Please print, exactly, only the lines in the entries below from the line that has "У свою чергу" through the line that has "Scaun pentru toaleta, din". Pictures don't go in.

+++ Data +++

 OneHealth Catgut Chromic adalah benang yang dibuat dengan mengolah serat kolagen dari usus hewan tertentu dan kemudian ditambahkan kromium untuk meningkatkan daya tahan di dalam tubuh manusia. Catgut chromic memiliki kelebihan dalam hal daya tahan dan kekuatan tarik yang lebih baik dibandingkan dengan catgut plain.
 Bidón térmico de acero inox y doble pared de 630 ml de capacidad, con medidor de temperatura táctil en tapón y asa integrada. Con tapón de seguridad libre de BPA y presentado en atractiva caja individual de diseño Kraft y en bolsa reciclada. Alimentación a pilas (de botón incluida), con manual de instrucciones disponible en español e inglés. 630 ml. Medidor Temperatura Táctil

+++
+++ Data +++

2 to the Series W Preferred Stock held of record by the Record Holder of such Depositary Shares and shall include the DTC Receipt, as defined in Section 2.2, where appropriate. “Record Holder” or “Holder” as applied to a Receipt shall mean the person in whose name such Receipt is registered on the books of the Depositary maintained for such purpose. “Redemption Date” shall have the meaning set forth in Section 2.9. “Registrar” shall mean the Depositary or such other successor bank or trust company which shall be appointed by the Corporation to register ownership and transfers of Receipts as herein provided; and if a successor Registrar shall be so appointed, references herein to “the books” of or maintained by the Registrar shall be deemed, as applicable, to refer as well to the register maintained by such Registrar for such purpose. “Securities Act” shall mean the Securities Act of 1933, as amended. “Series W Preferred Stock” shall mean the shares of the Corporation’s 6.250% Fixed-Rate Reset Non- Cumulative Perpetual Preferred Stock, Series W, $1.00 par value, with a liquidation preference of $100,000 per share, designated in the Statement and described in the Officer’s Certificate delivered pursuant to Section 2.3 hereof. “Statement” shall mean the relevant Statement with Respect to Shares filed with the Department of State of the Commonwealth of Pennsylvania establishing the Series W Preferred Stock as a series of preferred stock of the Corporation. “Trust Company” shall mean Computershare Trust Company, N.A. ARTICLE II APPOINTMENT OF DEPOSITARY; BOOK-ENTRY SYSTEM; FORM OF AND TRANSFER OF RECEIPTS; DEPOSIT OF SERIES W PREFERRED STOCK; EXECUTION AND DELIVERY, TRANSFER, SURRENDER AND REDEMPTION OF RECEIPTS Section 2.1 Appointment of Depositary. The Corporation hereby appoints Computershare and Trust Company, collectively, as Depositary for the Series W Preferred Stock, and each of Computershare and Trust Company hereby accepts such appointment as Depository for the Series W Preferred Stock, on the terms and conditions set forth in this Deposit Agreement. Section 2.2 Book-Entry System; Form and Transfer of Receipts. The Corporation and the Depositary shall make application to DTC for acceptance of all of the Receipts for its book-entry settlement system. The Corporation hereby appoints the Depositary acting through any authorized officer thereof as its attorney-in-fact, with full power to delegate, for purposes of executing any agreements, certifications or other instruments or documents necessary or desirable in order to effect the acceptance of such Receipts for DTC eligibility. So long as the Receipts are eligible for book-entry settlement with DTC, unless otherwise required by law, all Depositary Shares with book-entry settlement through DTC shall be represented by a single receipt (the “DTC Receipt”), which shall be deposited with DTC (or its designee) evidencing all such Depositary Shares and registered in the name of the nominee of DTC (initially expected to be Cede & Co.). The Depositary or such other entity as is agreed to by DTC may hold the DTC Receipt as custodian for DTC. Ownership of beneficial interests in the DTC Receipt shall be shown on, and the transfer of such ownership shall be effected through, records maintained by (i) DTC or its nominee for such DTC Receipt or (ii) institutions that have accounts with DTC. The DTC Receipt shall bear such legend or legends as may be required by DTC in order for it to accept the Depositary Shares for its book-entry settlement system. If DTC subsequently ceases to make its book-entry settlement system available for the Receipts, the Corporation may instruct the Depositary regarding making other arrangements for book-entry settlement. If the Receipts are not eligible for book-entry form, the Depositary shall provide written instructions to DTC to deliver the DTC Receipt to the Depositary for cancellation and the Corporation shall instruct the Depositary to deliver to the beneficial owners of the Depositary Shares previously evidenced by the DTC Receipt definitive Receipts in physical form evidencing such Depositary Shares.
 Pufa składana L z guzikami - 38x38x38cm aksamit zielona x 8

+++
+++ Data +++

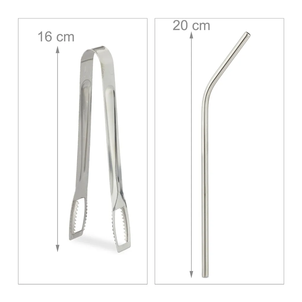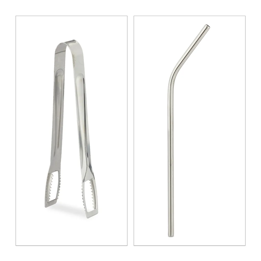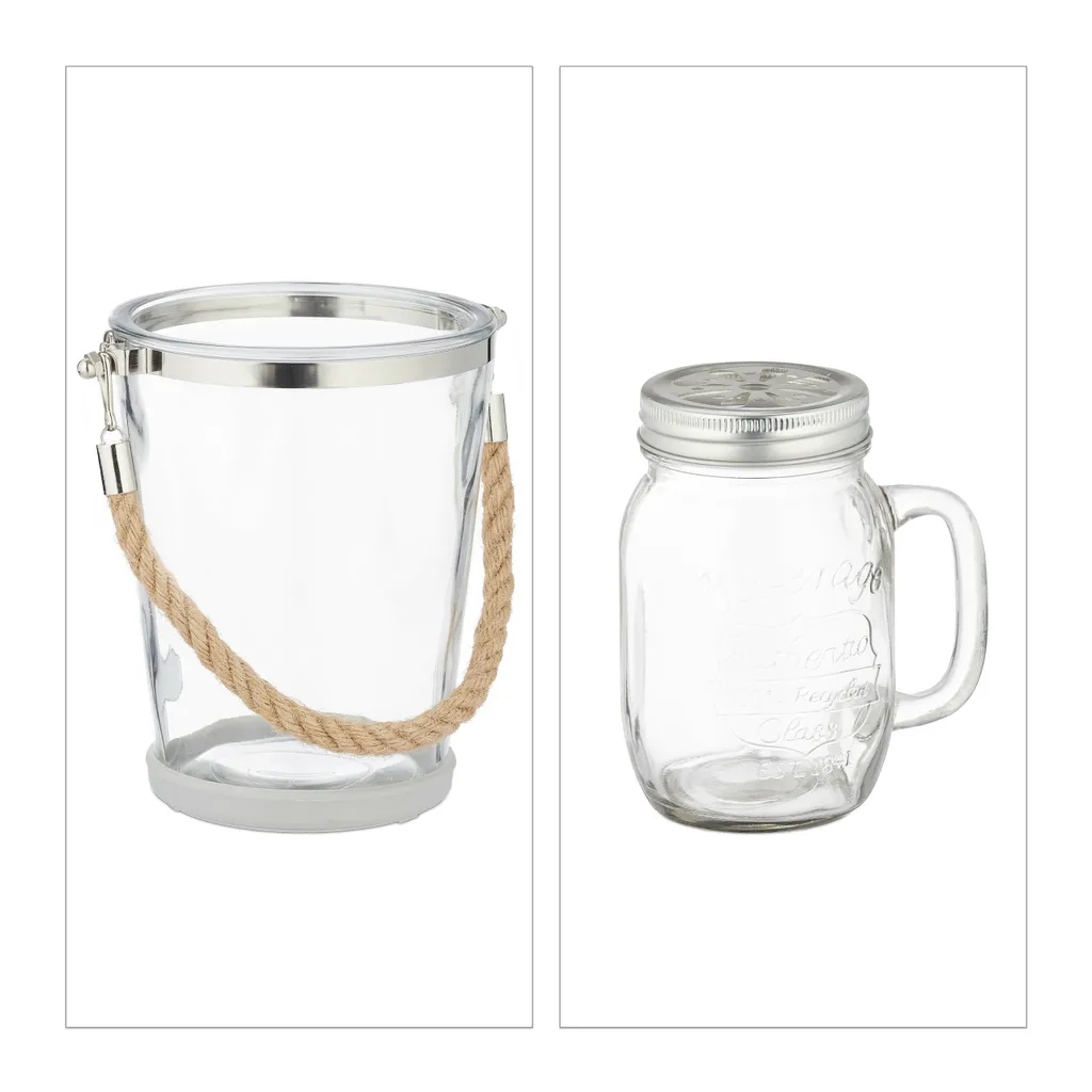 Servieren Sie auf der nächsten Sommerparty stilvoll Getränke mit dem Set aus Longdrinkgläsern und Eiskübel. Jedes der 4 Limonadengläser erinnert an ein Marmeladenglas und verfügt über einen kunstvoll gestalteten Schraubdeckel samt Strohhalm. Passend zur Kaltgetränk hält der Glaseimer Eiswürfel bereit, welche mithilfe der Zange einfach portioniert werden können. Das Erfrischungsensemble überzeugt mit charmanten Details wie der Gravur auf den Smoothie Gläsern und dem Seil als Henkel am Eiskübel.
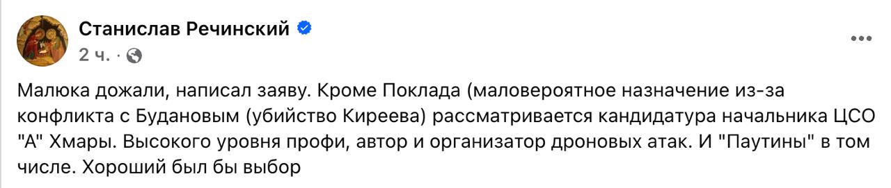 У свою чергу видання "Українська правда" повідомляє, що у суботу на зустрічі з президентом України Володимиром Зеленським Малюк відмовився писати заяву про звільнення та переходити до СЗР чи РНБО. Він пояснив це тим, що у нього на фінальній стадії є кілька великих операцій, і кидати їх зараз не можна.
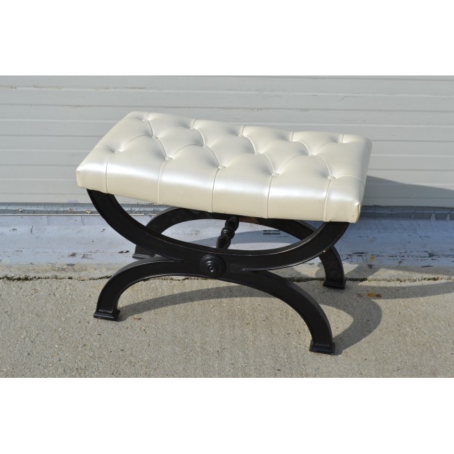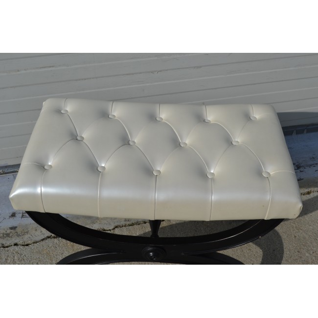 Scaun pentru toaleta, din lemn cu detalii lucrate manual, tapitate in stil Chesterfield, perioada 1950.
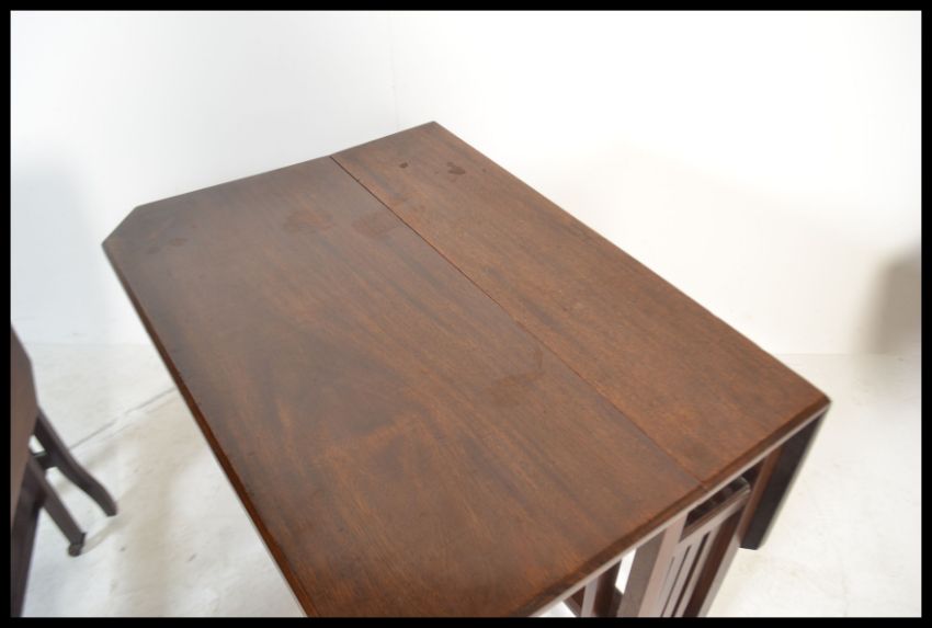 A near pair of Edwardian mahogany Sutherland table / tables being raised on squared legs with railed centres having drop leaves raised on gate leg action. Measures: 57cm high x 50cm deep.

+++

Answer below ▸
 У свою чергу видання "Українська правда" повідомляє, що у суботу на зустрічі з президентом України Володимиром Зеленським Малюк відмовився писати заяву про звільнення та переходити до СЗР чи РНБО. Він пояснив це тим, що у нього на фінальній стадії є кілька великих операцій, і кидати їх зараз не можна.
 Scaun pentru toaleta, din lemn cu detalii lucrate manual, tapitate in stil Chesterfield, perioada 1950.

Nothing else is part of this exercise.